Tuesday, May 26, 2009
Six (!!!) Catholics on the Court?
So, it sounds like President Obama will nominate Judge Sonia Sotomayor to replace Justice Souter. Could it be that we will soon have a Supreme Court that is two-thirds Catholic (and 1/9th "White Anglo-Saxon Protestant")? Poor Chris Hitchens! And now for some bold punditry: I am going to go out on a limb an predict that we will not seen op-eds like this one if Justice Sotomayor's votes are consonant with the social-justice teachings of the Catholic Church.
Sunday, May 24, 2009
More on religious freedom, exemptions, and SSM
Picking up on Bill A.'s recent Prawfsblawg post (here), I thought MOJ readers might be interested in this piece, by Peter Steinfels, in the Times ("Same-Sex Marriage Laws Pose Protection Quandary"), and this post, by Andy Koppelman, at Balkinization ("Support Your Local Bigot"). Both items relate to the efforts of several law professors (including Michael Perry, Doug Laycock, and Andy -- here is their letter to New Hampshire's governor -- and Robin Wilson, Carl Esbeck, Tom Berg, and me -- here is our letter).
Andy's thoughts regarding the question, "what is bigotry, anyway, and why is it a bad thing?" are interesting: "Bigotry is wrong for two reasons", he writes, "First, it harms the people who are its objects.

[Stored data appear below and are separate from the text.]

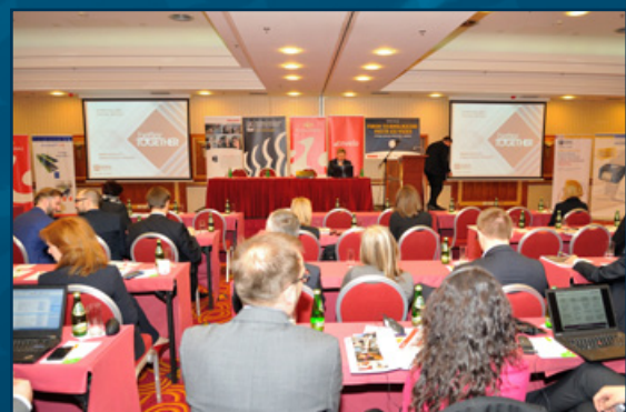
Uczestnicy w trakcie obrad Forum. (Forum Technologiczne 2015)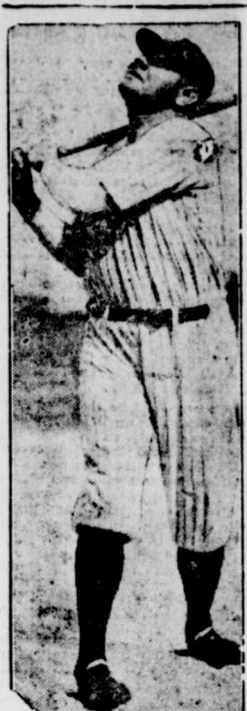
Babe RUTH, le roi des frappeurs, qui a établi une série de records pour les séries mondiales en frappant trois coups de circuit contre le St-Louis, hier.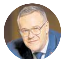
Jörg Dittrich Präsident des Zentralverbandes des Deutschen Handwerks (ZDH)

Deshalb rufen der Zentralverband des Deutschen Handwerks und die Handwerkskammer Reutlingen alle Jugendlichen auf: Wenn ihr Zukunft gestalten wollt, dann liegt ihr mit einer Ausbildung im Handwerk genau richtig. Die digitalen Informations- und Orientierungsangebote unter www.handwerk.de zeigen, welcher Ausbildungsberuf im Handwerk am besten zu euren Talenten, Fähigkeiten und Vorlieben passt. Das Lehrstellenradar und die Lehrstellenbörse der Handwerkskammer unterstützen euch bei der Suche und Auswahl des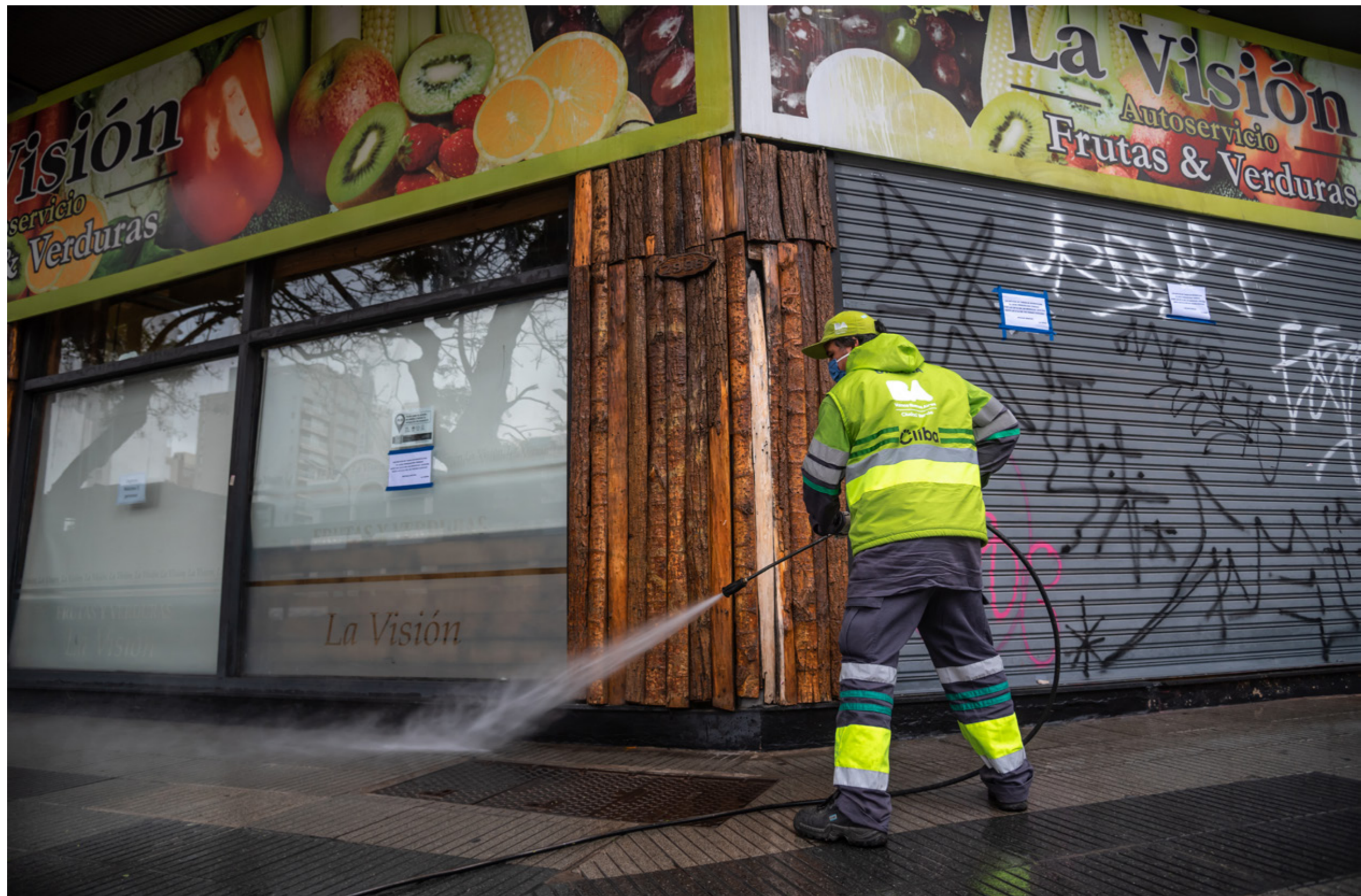
Trabajador esencial desinfecta vereda de una verdulería luego de que hubiera casos de coronavirus. Ciudad Autónoma de Buenos Aires, viernes 22 de mayo de 2020.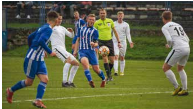
U prijelaznom razdoblju Uprava kluba nastojat će pronaći dva nova igrača koji će Ivančicu vratiti u borbu za naslov prvaka lige

U prethodno odigranim utakmicama Mladost je u Beletin-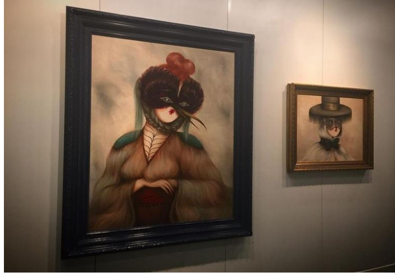
Görsel 2.23 Miss Van, Contemporary Istanbul Sanat Fuarı, İstanbul, 2016.

farkedilebilmektedir. Kimi yasa dışı uygulamalardan farklı olarak bu duvar resmi dış faktörlerden mümkün olduğunca uzak durabilmesi adına bir pleksiglas levha arkasında koruma altına alınmıştır. Bu korumanın gerçekleşebilmesi, bulunduğu duvarın Dorothy Circus isimli galerinin mülkü olması sayesinde mümkün olmuştur. Bu levhanın söz konusu duvar resmi üzerindeki tek işlevi onu iklimsel koşullar veya vandalizm gibi olası dış faktörlerden korumak şeklinde gerçekleşmektedir, çünkü levha dışında kalan korumasız alan değiştikçe orada yer alan resim de buna uyum sağlayabilecek bir konumdadır. Bunun yanı sıra levha üzerine yapıştırılmış küçük bir etiket sayesinde oluşan etki söz konusu fotoğrafta da görülebilmektedir. Görsel 2.23'de ise yine aynı sanatçıya ait, taşınabilir bir yüzey üzerine gerçekleştirilmiş işler beyaz bir duvar önünde görülmektedir.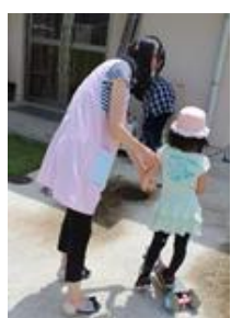
ショートステイ 受け入れの様子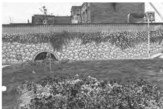
تصویر ۴- منظره نگاری دیواری، دهه ۷۰.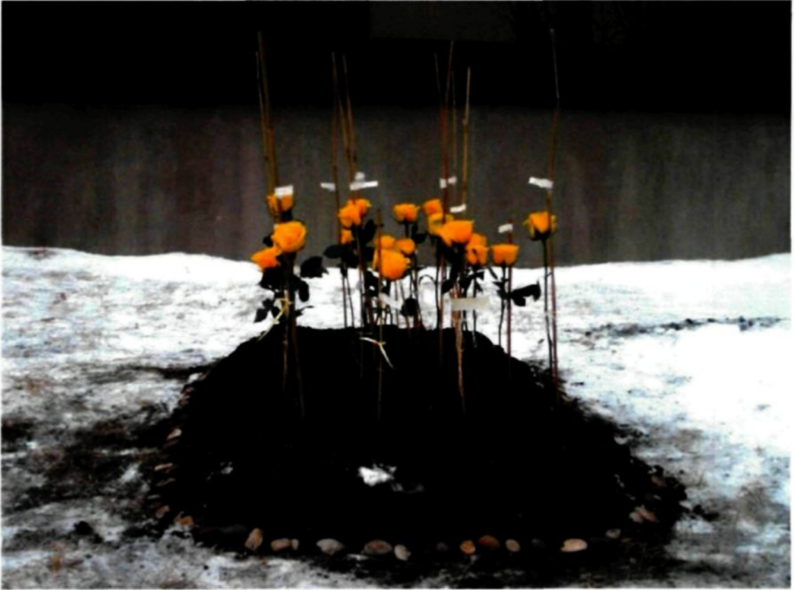
Figure 2.5 : Monument IV , 2012.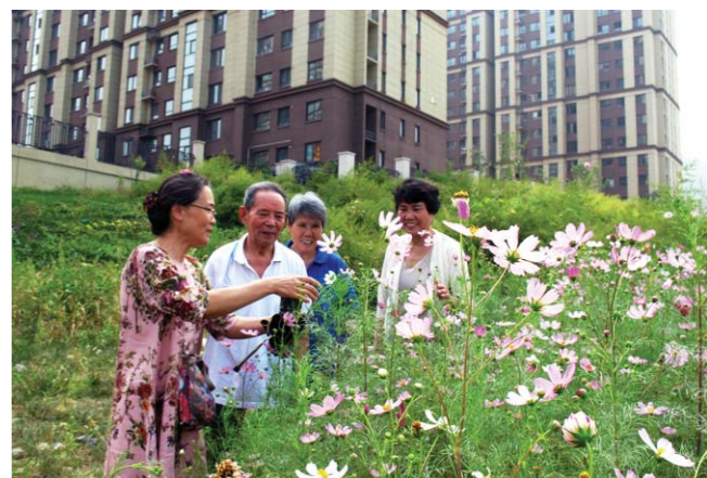
在子女的陪伴下，老人们也前来赏花。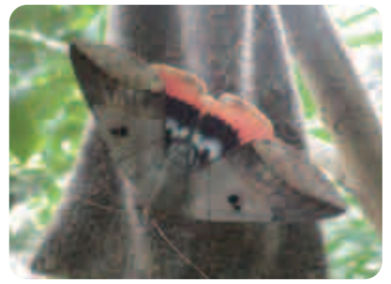
こちらバナナトラップに来る虫です。後ろ翅の色が鮮やか。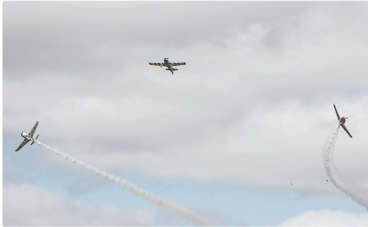
Voltige à l'Aéroclub du Bas-Armagnac de Nogaro

Un spectacle rare se prépare à Nogaro. L'Aéroclub du Bas-Armagnac, en coopération avec avec Midi-Pyrénées Voltige (MPV), organise des Journées Voltige du jeudi 1er juillet au samedi 3 juillet – dès le matin - à l'Aéroclub du Bas-Armagnac à Nogaro. Deux avions biplaces seront présents, un Mudry CAP 10 et un Extra 200.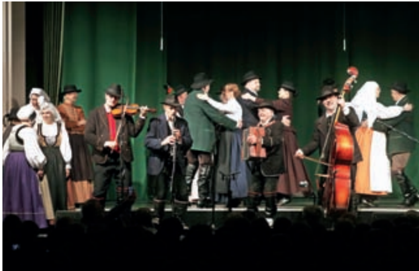
Tokrat se je »godlo« in plesalo.

K ranjski furmani spadajo pod pevsko sekcijo Akademске folklorne skupine Ozara Kranj. Ime so poiskali v preteklosti. Namreč Kranj je bil nekoč znan kot križišče trgovskih poti, kjer so se ustavljali ter prepregali številni furmani, in člani pevske zasedbe so se odločili, da se poimenujejo po njih. Kasneje izve- mo tudi, da so znotraj Akademске folklorne skupine Ozara najprej začele peti Bodeče neže, dekleta, ki so bile svoj čas plesalke pri folklori. Potem so začele nastopati samostojno. In po njihovem vzoru so tudi fantje rekli, da bodo naredili skupino. Odločili so se, da bodo poustvarjali slovensko ljudsko petje s poudarkom na moškem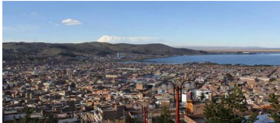
Figura 5: Vista Panorámica de la Ciudad de Puno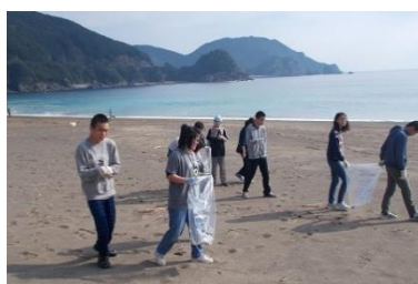
奉仕活動（大浜海岸清掃）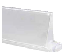
OL-A-9100/ST Plastic dubbelzijdige diffuser

Zelfklevende pictogrammen apart te bestellen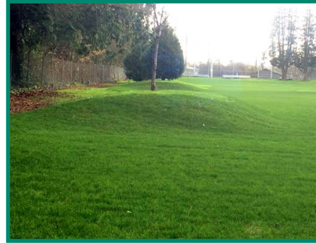
البيئة ازال التراب الملوث من حديقة امريكن ليجون ماموريال واستبدلتها بتربة نظيفة واستعادة العشب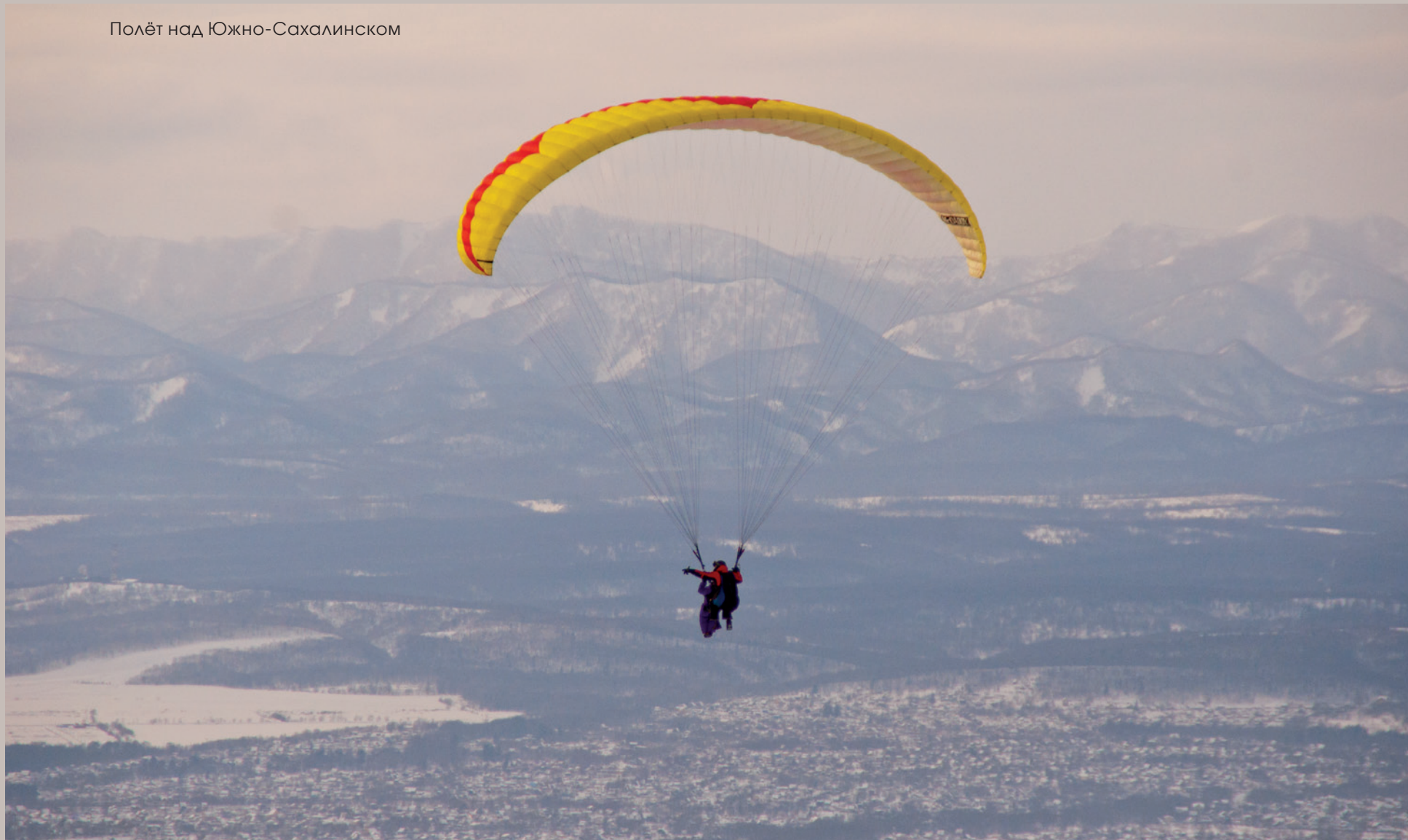
Полёт над Южно-Сахалинском

Second, it is a moral failing on the part of the bigot. It is important to distinguish these." In his view, the objection to religious-liberty exemptions to same-sex marriage laws cannot really be that they will harm gay people, "because they will only be invoked by a few people and won’t have much effect on gay people’s opportunities. It is rather that we shouldn’t accommodate bigotry." And, in his view, there is no need to "beat up on" "antigay bigots, even the morally reprehensible ones," if "they can be rendered harmless."
Like Andy, I do not believe that all of those who support (as I do) and who would invoke religious-liberty exemptions from SSM laws are "bigots." (I suspect Andy would be generous in admitting people to his category of those "on that side of the political divide who . . . are honestly doing their best to pursue the right as it is given to them to see the right.") I do believe, though, that anyone who would claim the label "liberal" should support at least some such exemptions -- not simply because it is not worth the candle to beat up on "harmless" bigots -- but because the refusal (and even, frankly, the reluctance) to concede that there are some contexts or spheres (e.g., the internal polity and practices of a religious community) into which liberal norms need not extend and upon which they should not be imposed is profoundly illiberal.